=== Exercise brief ===
Output the records below in full, word for word; pictures do not belong in it.

=== Provided records ===
┄┄┄┄┄┄┄┄┄┄┄┄┄┄┄┄┄┄┄┄
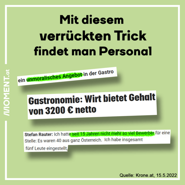 Österreichweit klagen Unternehmen seit Monaten immer wieder in den Medien: Sie finden einfach keine Angestellten. Keine Ahnung, was man da tun kann. Sie hätten ja alles probiert. Ein Kärntner Gastronom hat nun das antike Rätsel mit einer kreativen Idee gelöst. Offenbar reagiert das unerforschte Wesen der Arbeitnehmer:innen darauf, ihm gute Löhne anzubieten. Die "Kronen Zeitung" nennt das - hoffentlich augenzwinkernd gemeint - ein "unmoralisches Angebot". Der Gastronom erzählt dort im Interview, er habe so viele Bewerber:innen gehabt wie noch nie - und dass er dafür aus der Branche auch angefeindet wurde. Der verrückte Trick muss sich also wohl erst noch herumsprechen.
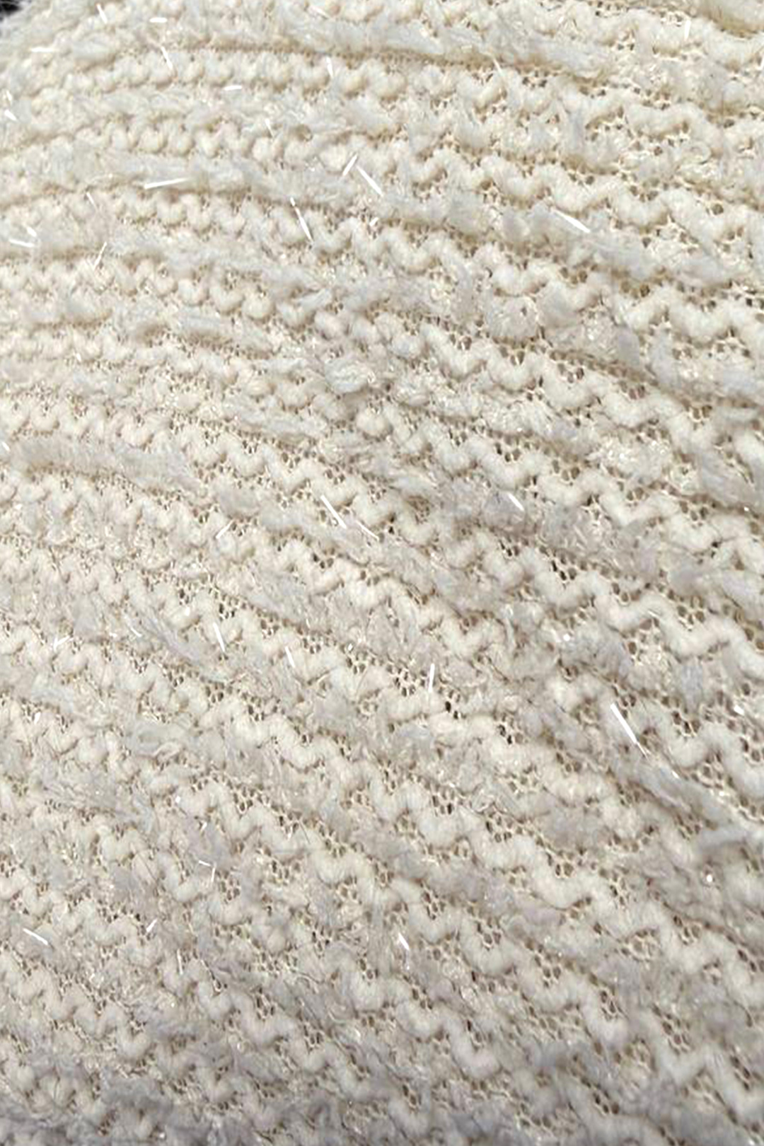 Нежный свитшот свободного кроя из фактурного трикотажа с вплетением мерцающих нитей в благородном оттенке топлёного молока - идеальный выбор для уютных и элегантных образов. Модель идеально впишется в Ваш гардероб, позволяя создавать множество современных сочетаний с жакетами, брюками, юбками и различной обувью.
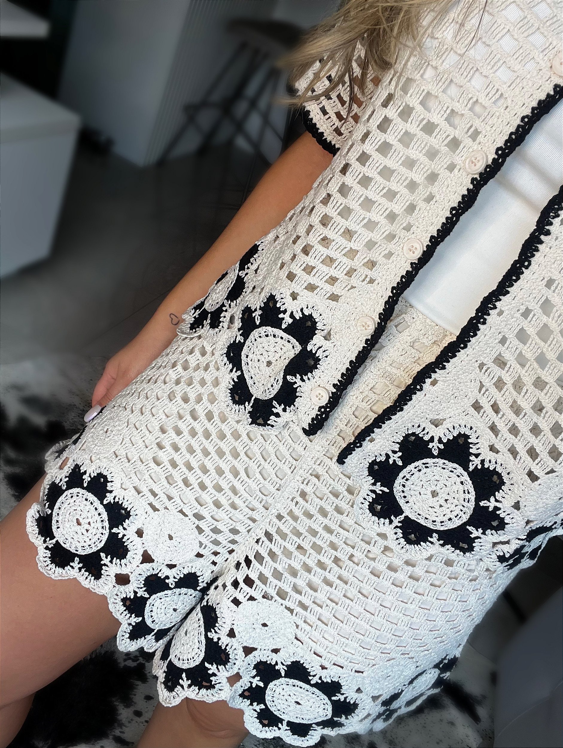 Shorts curto confeccionado em crochet. Apresenta cós com elástico, proporcionando conforto ao vestir, forro e detalhe de flores coloridas na barra do shorts. Uma peça delicada, confortável e versátil, perfeita para dias de verão.
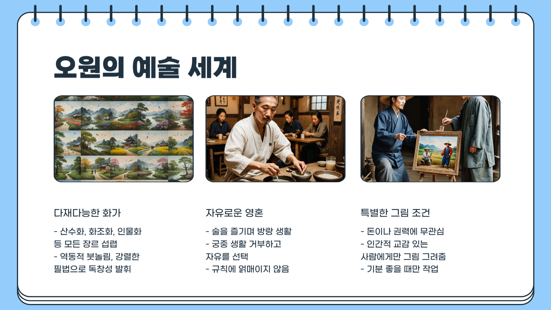 안녕하세요! 오늘은 조선 말기 가장 독창적인 화풍을 지닌 화가이자, 자유로운 영혼으로 살아간 오원 장승업에 대해 이야기해보려고 합니다. 그는 학문적 교육을 받지 못했지만, 타고난 재능과 감각만으로 조선 미술사에서 빼놓을 수 없는 거장이 되었습니다.
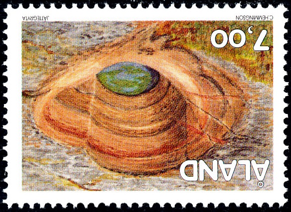 Door de postzegel op zijn kop te houden lijkt het opeens een berg te zijn geworden met op de top een weideveldje! Dit fenomeen kan men ook waarnemen als men de Nederlandse zomerpostzegel uit 1962 met de afbeelding van een fossiel ammoniet op zijn kop houdt. Ontwerper van de postzegels was Charles Hemmingson. Hij vervaardigde vele schilderijen met rotsformaties en rotsige landschappen en kustgebieden.
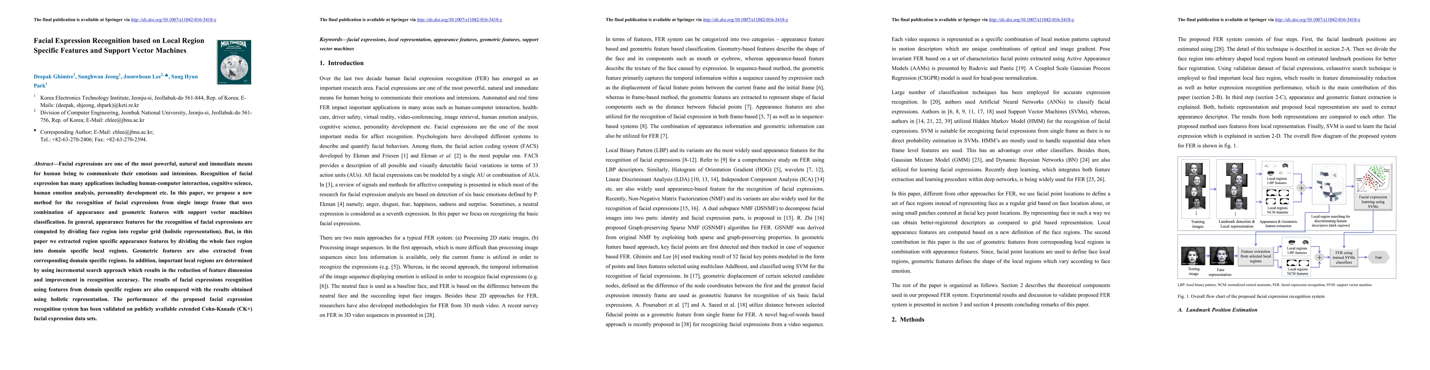 This paper proposes a novel method for facial expression recognition using local region-specific features and support vector machines. It extracts region-specific appearance and geometric features, reducing feature dimensions and improving accuracy compared to holistic representations, validated on the CK+ dataset.
┄┄┄┄┄┄┄┄┄┄┄┄┄┄┄┄┄┄┄┄
=== Answer for the task ===
 Österreichweit klagen Unternehmen seit Monaten immer wieder in den Medien: Sie finden einfach keine Angestellten. Keine Ahnung, was man da tun kann. Sie hätten ja alles probiert. Ein Kärntner Gastronom hat nun das antike Rätsel mit einer kreativen Idee gelöst. Offenbar reagiert das unerforschte Wesen der Arbeitnehmer:innen darauf, ihm gute Löhne anzubieten. Die "Kronen Zeitung" nennt das - hoffentlich augenzwinkernd gemeint - ein "unmoralisches Angebot". Der Gastronom erzählt dort im Interview, er habe so viele Bewerber:innen gehabt wie noch nie - und dass er dafür aus der Branche auch angefeindet wurde. Der verrückte Trick muss sich also wohl erst noch herumsprechen.
 Нежный свитшот свободного кроя из фактурного трикотажа с вплетением мерцающих нитей в благородном оттенке топлёного молока - идеальный выбор для уютных и элегантных образов. Модель идеально впишется в Ваш гардероб, позволяя создавать множество современных сочетаний с жакетами, брюками, юбками и различной обувью.
 Shorts curto confeccionado em crochet. Apresenta cós com elástico, proporcionando conforto ao vestir, forro e detalhe de flores coloridas na barra do shorts. Uma peça delicada, confortável e versátil, perfeita para dias de verão.
 안녕하세요! 오늘은 조선 말기 가장 독창적인 화풍을 지닌 화가이자, 자유로운 영혼으로 살아간 오원 장승업에 대해 이야기해보려고 합니다. 그는 학문적 교육을 받지 못했지만, 타고난 재능과 감각만으로 조선 미술사에서 빼놓을 수 없는 거장이 되었습니다.
 Door de postzegel op zijn kop te houden lijkt het opeens een berg te zijn geworden met op de top een weideveldje! Dit fenomeen kan men ook waarnemen als men de Nederlandse zomerpostzegel uit 1962 met de afbeelding van een fossiel ammoniet op zijn kop houdt. Ontwerper van de postzegels was Charles Hemmingson. Hij vervaardigde vele schilderijen met rotsformaties en rotsige landschappen en kustgebieden.
 This paper proposes a novel method for facial expression recognition using local region-specific features and support vector machines. It extracts region-specific appearance and geometric features, reducing feature dimensions and improving accuracy compared to holistic representations, validated on the CK+ dataset.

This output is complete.